Board of Supervisors Considering Putting Inmates to Work as Firefighters

The Board of Supervisors is expected to approve Tuesday a new contract with the California Department of Corrections & Rehabilitation that assigns Riverside County inmates to state conservation camps for firefighting operations.

The county began contracting with the CDCR in May 2013 for locally jailed inmates to participate in the California Conservation Camp Program. The contract on the board's Tuesday agenda would span the period from this July 1 to July 1, 2022.

Under the agreement, the county would be eligible to assign a maximum of 200 inmates to train and work in the program. The previous compact provided space for as many as 500 inmates.

The county would pay the state $81 a day per inmate for training, and afterward, $10 daily per head for use of fire camp space -- the same terms that applied under the expiring agreement. If all 200 slots are filled, the county's total outlay for the three-year period would be just over $4 million, according to sheriff's documents.

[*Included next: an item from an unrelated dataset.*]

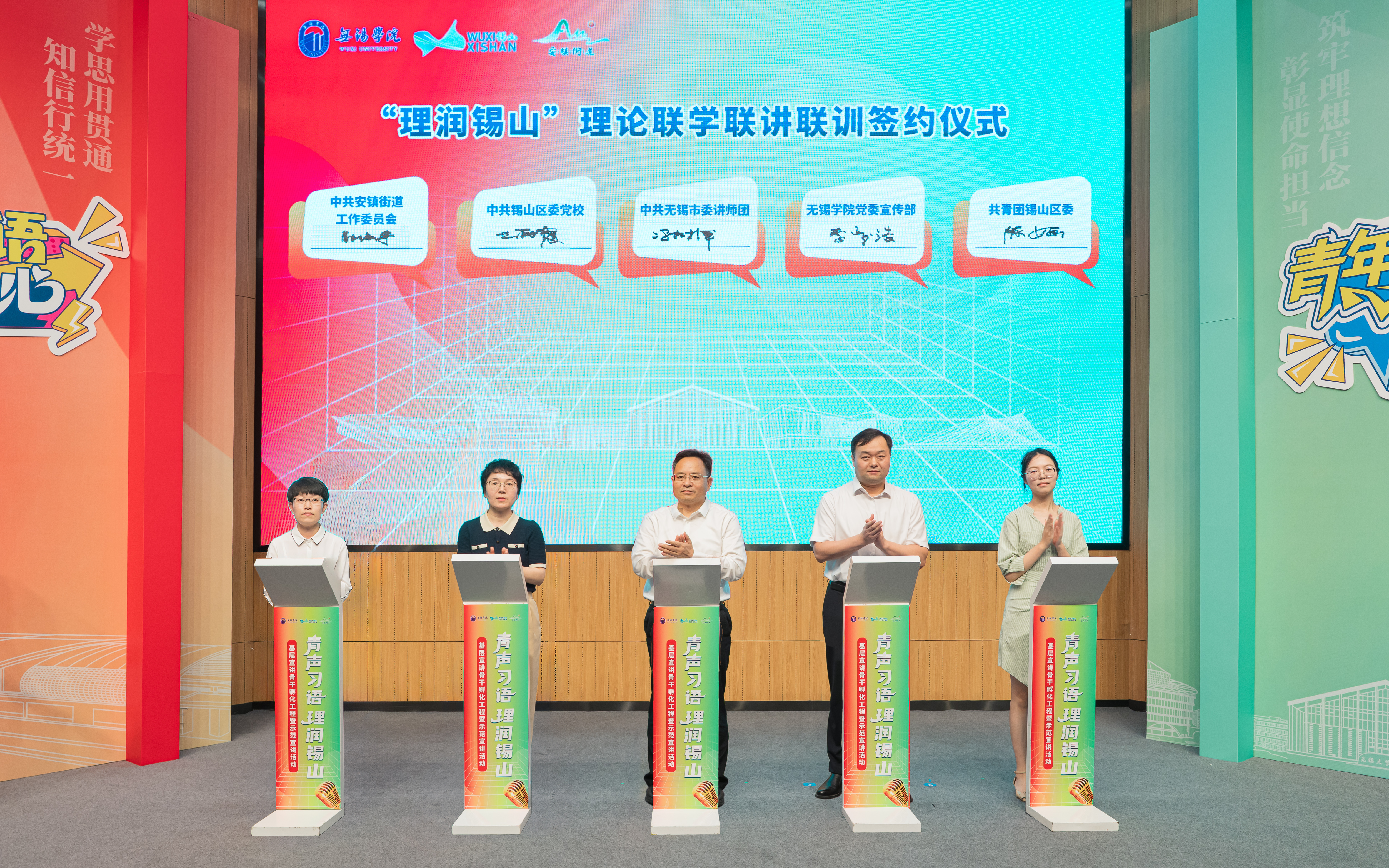 现场还举行了“理润锡山”理论联学联讲联训签约仪式,无锡市委讲师团、我校党委宣传部、锡山区委党校、锡山团区委、安镇街道党工委相关负责人上台签约。

However, officials pointed out that expenditures eventually would be reimbursed through Assembly Bill 109, the Public Safety Realignment Act.

Inmates who finish the 38-day training regimen are deployed to work on hand crews to battle wildfires, as well as reduce excess foliage in parks, cut firebreaks in the vicinity of homes and businesses, clear debris from roadsides and trails and participate in sandbagging for flood prevention.

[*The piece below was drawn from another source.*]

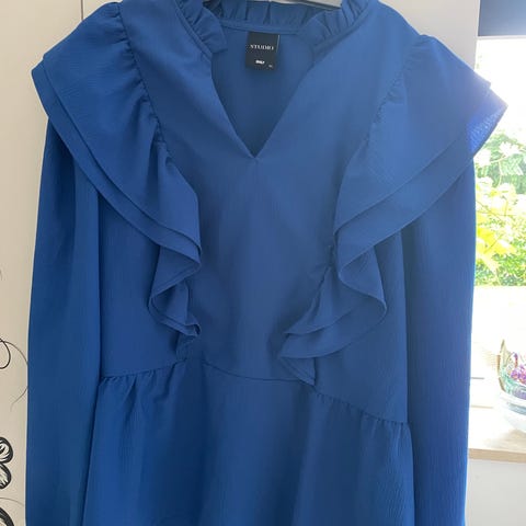 Skjorte, In wear, str. 32, Blå, Næsten som ny, Super flot blonde skjorte med læderkant i halsen. Brugt 1. Gang. Som ny.
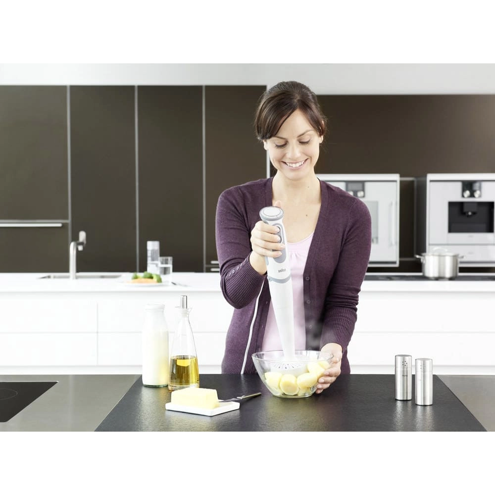 Блендер Braun Vario MQ 5035 WH Sauce не только поможет вам готовить ещё вкуснее, но также и украсит вашу кухню своим изысканным дизайном. Для этого блендера компаний Braun разработана специальная, более удобная ручка. А чтобы готовить можно было ещё быстрее – у вас на выбор будет 21 скорость. Мощность блендера составляет целые 750 Вт. Также к нему прилагаются насадка для создания теста, венчик для взбивания крема и специальный мерный стаканчик.

In recent years, the average number of Riverside County inmates who qualified and stayed in the program was about 50. They're generally placed at camps in the Norco and Banning areas.

County fire officials have noted in the past that offenders are screened for suitability, and people convicted of drug- and alcohol-related crimes are typical of those accepted into the program.

Supervisor Kevin Jeffries, a former firefighter, has been a steadfast supporter of the fire camp concept and advocated for the county to take advantage of it during his first year on the board, citing the manpower benefits, as well as the opportunity to free up local correctional space.